Problem: Set down exactly the lines from the one containing "Time escalado para o Jogo do Rei" through the last line of the data below, and no others.

Data provided:
□ □ □ □

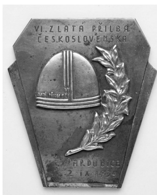
Slika 40. Plaketa
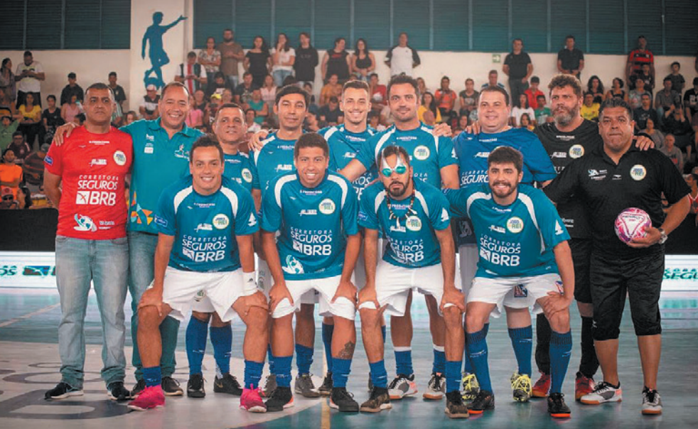
Time escalado para o Jogo do Rei

Por meio de uma parceria entre a Alfa Seguradora, a Corretora de Seguros BRB, a American Life e os organizadores do evento, as empresas A Produtora e V2 Sport, foi possível a realização do Jogo do Rei, que ficou conhecido como “Mais do que um jogo, um espetáculo em quadra”, e permitiu que sua apresentação fosse reconfigurada, tornando-se padrão para as próximas edições.

□ □ □ □

Result of the exercise:
Time escalado para o Jogo do Rei

Por meio de uma parceria entre a Alfa Seguradora, a Corretora de Seguros BRB, a American Life e os organizadores do evento, as empresas A Produtora e V2 Sport, foi possível a realização do Jogo do Rei, que ficou conhecido como “Mais do que um jogo, um espetáculo em quadra”, e permitiu que sua apresentação fosse reconfigurada, tornando-se padrão para as próximas edições.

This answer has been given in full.